(Provided material Opens)
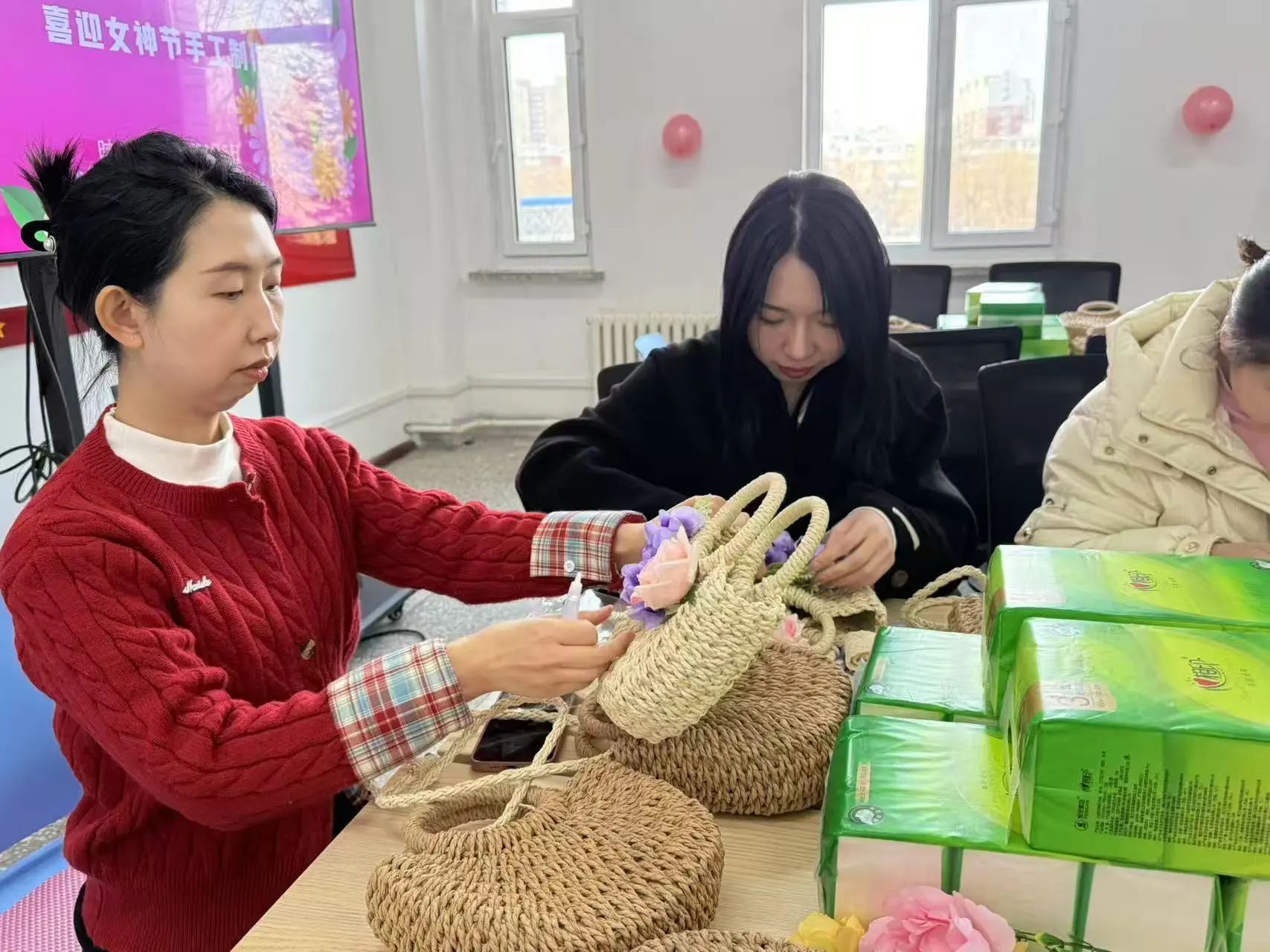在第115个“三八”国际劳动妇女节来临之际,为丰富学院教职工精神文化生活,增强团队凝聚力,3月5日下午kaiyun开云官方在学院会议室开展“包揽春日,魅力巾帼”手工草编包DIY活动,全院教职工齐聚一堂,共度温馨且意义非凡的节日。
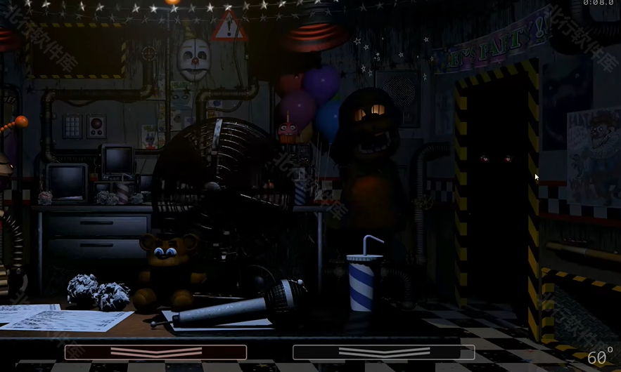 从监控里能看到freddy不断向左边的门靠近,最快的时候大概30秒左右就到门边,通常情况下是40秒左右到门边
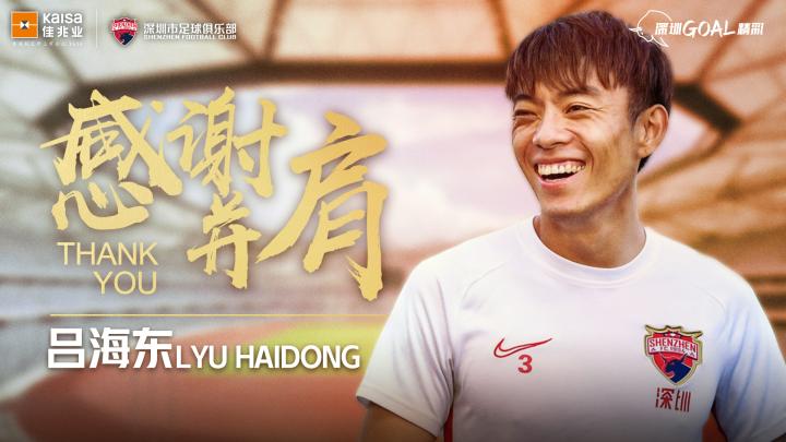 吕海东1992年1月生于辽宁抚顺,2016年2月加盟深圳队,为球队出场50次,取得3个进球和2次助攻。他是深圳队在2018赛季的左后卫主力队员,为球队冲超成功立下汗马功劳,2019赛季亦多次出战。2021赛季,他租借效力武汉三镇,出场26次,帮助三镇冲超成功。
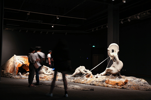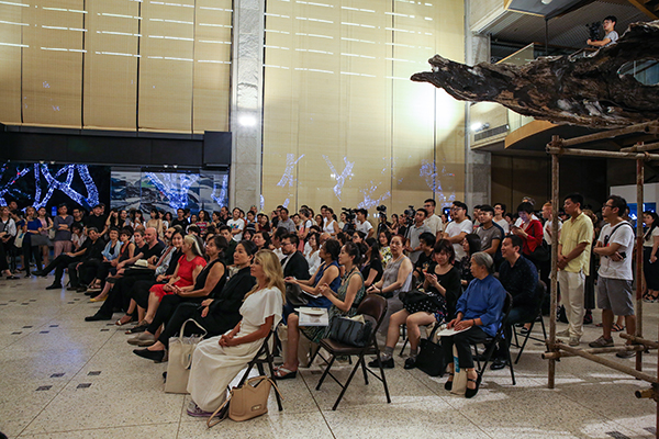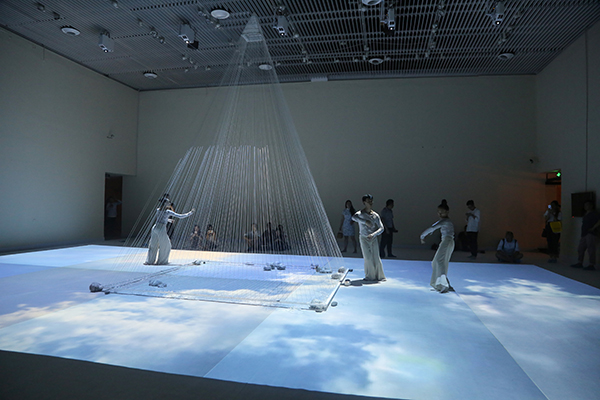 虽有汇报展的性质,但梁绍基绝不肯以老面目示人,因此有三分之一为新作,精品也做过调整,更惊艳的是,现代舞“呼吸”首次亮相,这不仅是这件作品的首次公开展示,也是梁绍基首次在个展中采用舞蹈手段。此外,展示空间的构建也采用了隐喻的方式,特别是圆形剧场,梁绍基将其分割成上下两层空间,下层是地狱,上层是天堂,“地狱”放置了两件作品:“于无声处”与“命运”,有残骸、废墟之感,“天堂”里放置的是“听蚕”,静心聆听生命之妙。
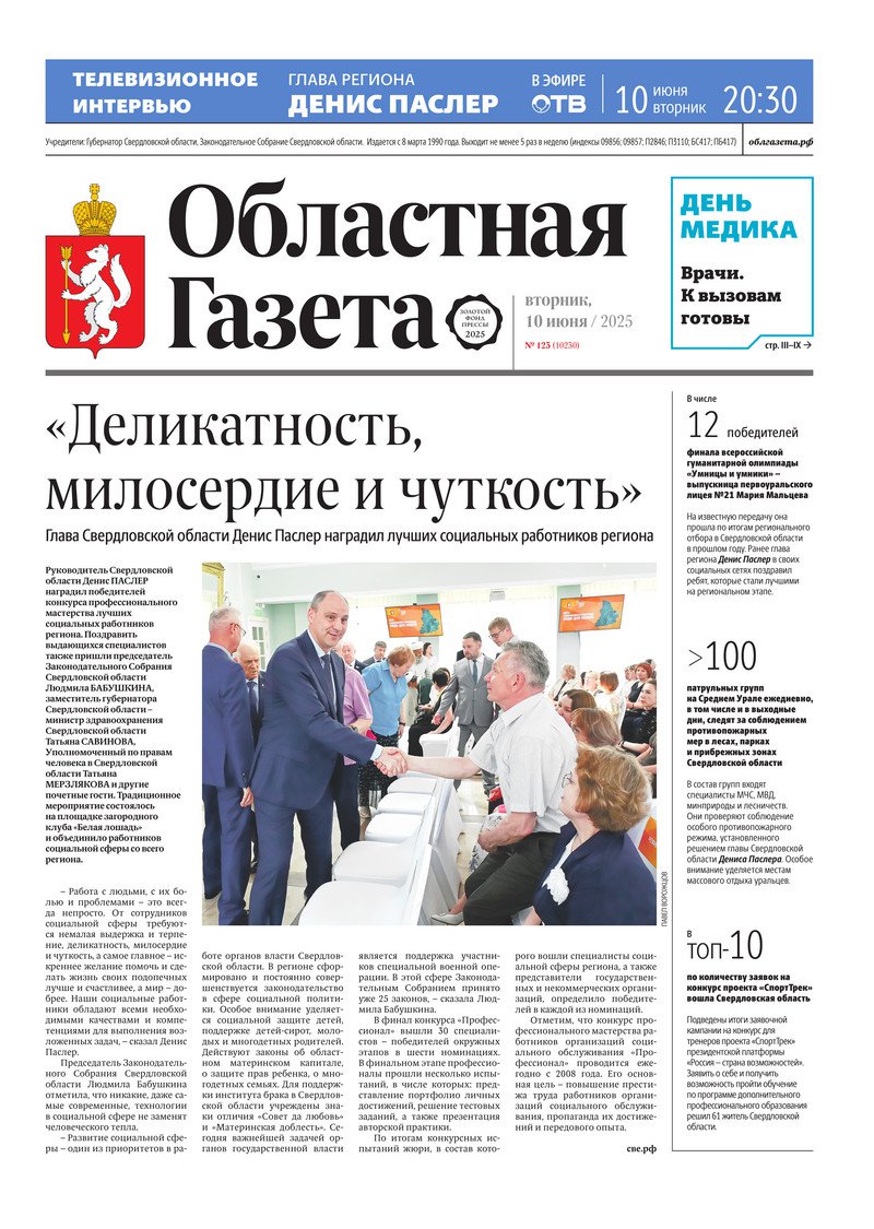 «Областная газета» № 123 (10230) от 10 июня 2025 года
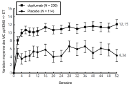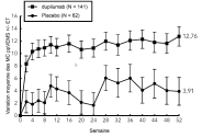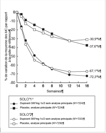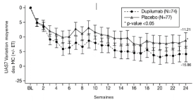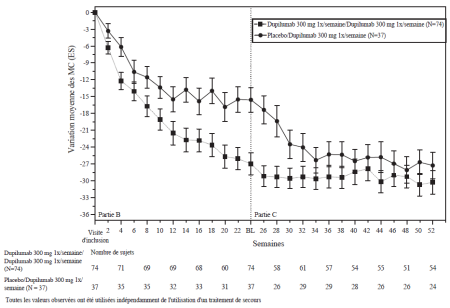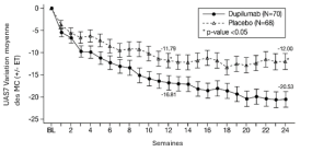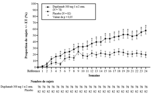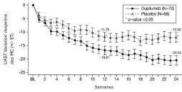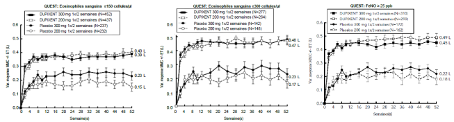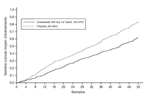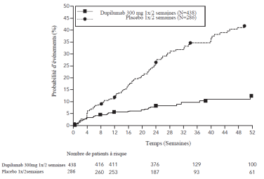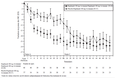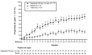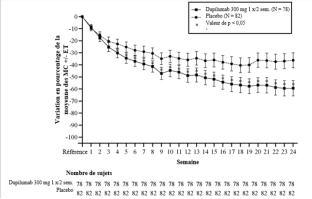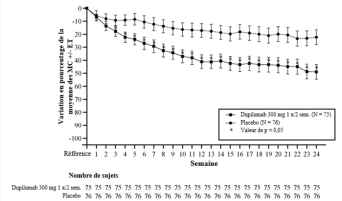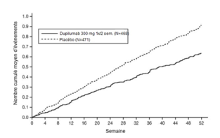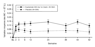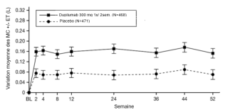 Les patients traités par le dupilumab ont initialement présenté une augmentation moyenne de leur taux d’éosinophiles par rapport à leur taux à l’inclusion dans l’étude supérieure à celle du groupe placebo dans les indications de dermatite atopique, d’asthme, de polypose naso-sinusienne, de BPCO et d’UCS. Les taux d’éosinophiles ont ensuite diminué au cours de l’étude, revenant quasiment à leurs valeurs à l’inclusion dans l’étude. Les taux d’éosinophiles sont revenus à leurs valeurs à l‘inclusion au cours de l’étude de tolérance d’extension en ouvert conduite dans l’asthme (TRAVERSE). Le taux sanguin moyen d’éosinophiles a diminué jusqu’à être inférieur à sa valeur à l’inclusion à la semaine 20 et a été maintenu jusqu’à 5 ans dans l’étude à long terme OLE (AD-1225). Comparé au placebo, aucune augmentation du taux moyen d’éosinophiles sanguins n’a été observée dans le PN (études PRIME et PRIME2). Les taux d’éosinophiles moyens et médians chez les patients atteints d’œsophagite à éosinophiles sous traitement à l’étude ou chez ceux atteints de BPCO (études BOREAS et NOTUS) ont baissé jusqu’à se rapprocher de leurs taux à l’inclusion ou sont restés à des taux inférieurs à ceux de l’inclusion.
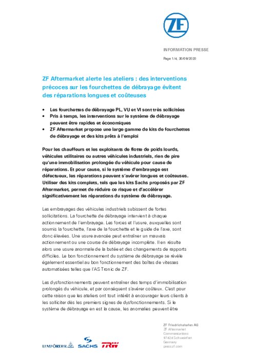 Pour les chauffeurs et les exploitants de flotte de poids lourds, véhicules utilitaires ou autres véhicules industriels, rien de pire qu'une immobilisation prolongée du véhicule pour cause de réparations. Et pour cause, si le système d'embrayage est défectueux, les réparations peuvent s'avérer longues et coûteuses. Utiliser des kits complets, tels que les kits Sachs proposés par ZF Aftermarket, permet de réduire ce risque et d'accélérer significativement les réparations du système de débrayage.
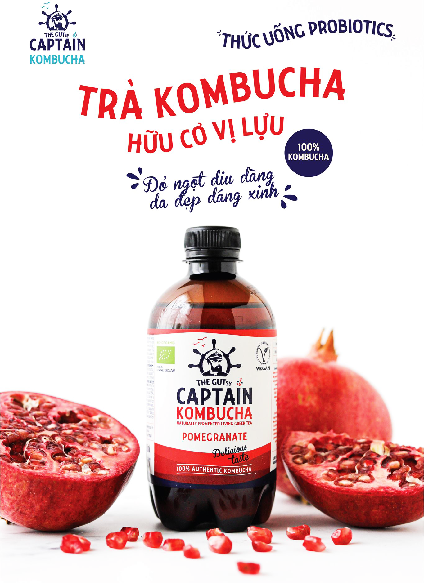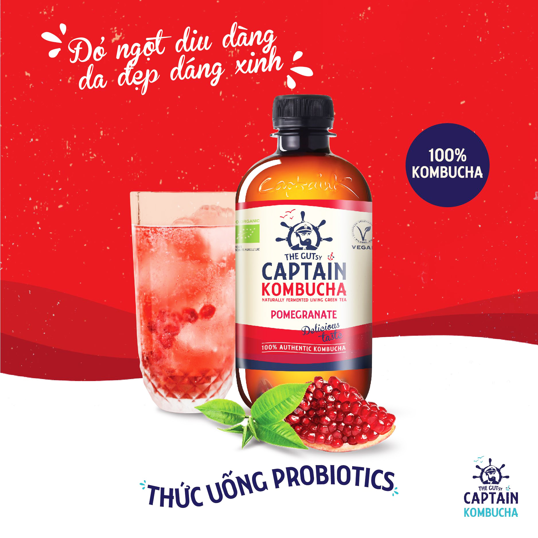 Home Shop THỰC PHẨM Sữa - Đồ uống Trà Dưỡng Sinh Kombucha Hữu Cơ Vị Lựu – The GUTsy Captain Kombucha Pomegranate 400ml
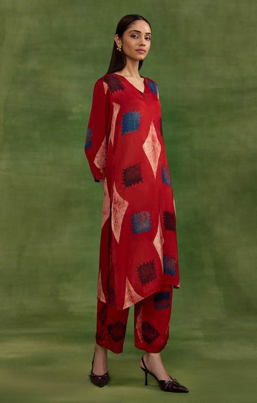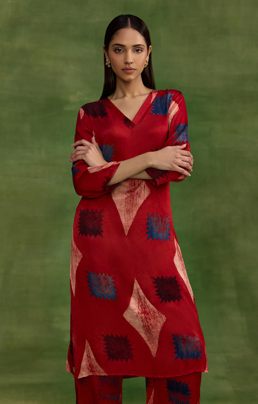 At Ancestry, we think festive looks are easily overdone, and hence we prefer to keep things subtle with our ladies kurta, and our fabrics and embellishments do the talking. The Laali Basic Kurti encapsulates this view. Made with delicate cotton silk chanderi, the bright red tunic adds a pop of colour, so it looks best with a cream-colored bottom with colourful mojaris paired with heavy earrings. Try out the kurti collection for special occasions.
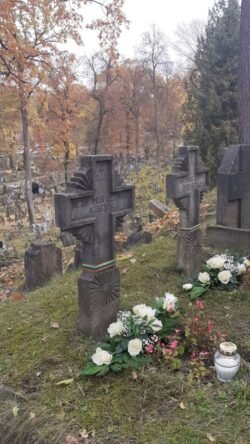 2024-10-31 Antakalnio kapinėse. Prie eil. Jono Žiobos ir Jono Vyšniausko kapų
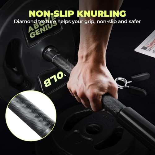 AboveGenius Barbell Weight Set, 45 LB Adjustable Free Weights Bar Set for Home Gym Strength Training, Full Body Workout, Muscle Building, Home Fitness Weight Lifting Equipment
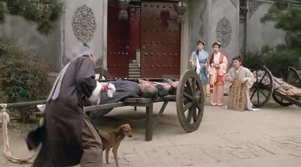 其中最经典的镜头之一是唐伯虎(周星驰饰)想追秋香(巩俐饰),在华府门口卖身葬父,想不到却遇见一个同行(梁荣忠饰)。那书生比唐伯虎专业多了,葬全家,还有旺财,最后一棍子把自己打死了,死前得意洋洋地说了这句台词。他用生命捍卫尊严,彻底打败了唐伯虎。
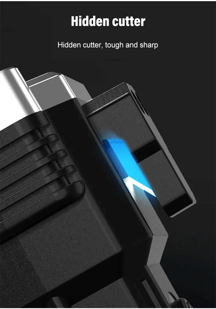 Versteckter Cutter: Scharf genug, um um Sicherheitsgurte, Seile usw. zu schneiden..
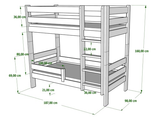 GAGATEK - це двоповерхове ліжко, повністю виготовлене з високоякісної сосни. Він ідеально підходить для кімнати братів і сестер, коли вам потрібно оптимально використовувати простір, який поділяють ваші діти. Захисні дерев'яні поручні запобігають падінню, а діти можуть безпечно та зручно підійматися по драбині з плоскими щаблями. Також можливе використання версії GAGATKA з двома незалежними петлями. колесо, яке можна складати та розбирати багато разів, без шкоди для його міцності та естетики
(Provided material Closes)
* [To do]: Print the data again word for word, pictures excluded.

* [Exercise answer]:
在第115个“三八”国际劳动妇女节来临之际,为丰富学院教职工精神文化生活,增强团队凝聚力,3月5日下午kaiyun开云官方在学院会议室开展“包揽春日,魅力巾帼”手工草编包DIY活动,全院教职工齐聚一堂,共度温馨且意义非凡的节日。
 从监控里能看到freddy不断向左边的门靠近,最快的时候大概30秒左右就到门边,通常情况下是40秒左右到门边
 吕海东1992年1月生于辽宁抚顺,2016年2月加盟深圳队,为球队出场50次,取得3个进球和2次助攻。他是深圳队在2018赛季的左后卫主力队员,为球队冲超成功立下汗马功劳,2019赛季亦多次出战。2021赛季,他租借效力武汉三镇,出场26次,帮助三镇冲超成功。
 虽有汇报展的性质,但梁绍基绝不肯以老面目示人,因此有三分之一为新作,精品也做过调整,更惊艳的是,现代舞“呼吸”首次亮相,这不仅是这件作品的首次公开展示,也是梁绍基首次在个展中采用舞蹈手段。此外,展示空间的构建也采用了隐喻的方式,特别是圆形剧场,梁绍基将其分割成上下两层空间,下层是地狱,上层是天堂,“地狱”放置了两件作品:“于无声处”与“命运”,有残骸、废墟之感,“天堂”里放置的是“听蚕”,静心聆听生命之妙。
 «Областная газета» № 123 (10230) от 10 июня 2025 года
 Les patients traités par le dupilumab ont initialement présenté une augmentation moyenne de leur taux d’éosinophiles par rapport à leur taux à l’inclusion dans l’étude supérieure à celle du groupe placebo dans les indications de dermatite atopique, d’asthme, de polypose naso-sinusienne, de BPCO et d’UCS. Les taux d’éosinophiles ont ensuite diminué au cours de l’étude, revenant quasiment à leurs valeurs à l’inclusion dans l’étude. Les taux d’éosinophiles sont revenus à leurs valeurs à l‘inclusion au cours de l’étude de tolérance d’extension en ouvert conduite dans l’asthme (TRAVERSE). Le taux sanguin moyen d’éosinophiles a diminué jusqu’à être inférieur à sa valeur à l’inclusion à la semaine 20 et a été maintenu jusqu’à 5 ans dans l’étude à long terme OLE (AD-1225). Comparé au placebo, aucune augmentation du taux moyen d’éosinophiles sanguins n’a été observée dans le PN (études PRIME et PRIME2). Les taux d’éosinophiles moyens et médians chez les patients atteints d’œsophagite à éosinophiles sous traitement à l’étude ou chez ceux atteints de BPCO (études BOREAS et NOTUS) ont baissé jusqu’à se rapprocher de leurs taux à l’inclusion ou sont restés à des taux inférieurs à ceux de l’inclusion.
 Pour les chauffeurs et les exploitants de flotte de poids lourds, véhicules utilitaires ou autres véhicules industriels, rien de pire qu'une immobilisation prolongée du véhicule pour cause de réparations. Et pour cause, si le système d'embrayage est défectueux, les réparations peuvent s'avérer longues et coûteuses. Utiliser des kits complets, tels que les kits Sachs proposés par ZF Aftermarket, permet de réduire ce risque et d'accélérer significativement les réparations du système de débrayage.
 Home Shop THỰC PHẨM Sữa - Đồ uống Trà Dưỡng Sinh Kombucha Hữu Cơ Vị Lựu – The GUTsy Captain Kombucha Pomegranate 400ml
 At Ancestry, we think festive looks are easily overdone, and hence we prefer to keep things subtle with our ladies kurta, and our fabrics and embellishments do the talking. The Laali Basic Kurti encapsulates this view. Made with delicate cotton silk chanderi, the bright red tunic adds a pop of colour, so it looks best with a cream-colored bottom with colourful mojaris paired with heavy earrings. Try out the kurti collection for special occasions.
 2024-10-31 Antakalnio kapinėse. Prie eil. Jono Žiobos ir Jono Vyšniausko kapų
 AboveGenius Barbell Weight Set, 45 LB Adjustable Free Weights Bar Set for Home Gym Strength Training, Full Body Workout, Muscle Building, Home Fitness Weight Lifting Equipment
 其中最经典的镜头之一是唐伯虎(周星驰饰)想追秋香(巩俐饰),在华府门口卖身葬父,想不到却遇见一个同行(梁荣忠饰)。那书生比唐伯虎专业多了,葬全家,还有旺财,最后一棍子把自己打死了,死前得意洋洋地说了这句台词。他用生命捍卫尊严,彻底打败了唐伯虎。
 Versteckter Cutter: Scharf genug, um um Sicherheitsgurte, Seile usw. zu schneiden..
 GAGATEK - це двоповерхове ліжко, повністю виготовлене з високоякісної сосни. Він ідеально підходить для кімнати братів і сестер, коли вам потрібно оптимально використовувати простір, який поділяють ваші діти. Захисні дерев'яні поручні запобігають падінню, а діти можуть безпечно та зручно підійматися по драбині з плоскими щаблями. Також можливе використання версії GAGATKA з двома незалежними петлями. колесо, яке можна складати та розбирати багато разів, без шкоди для його міцності та естетики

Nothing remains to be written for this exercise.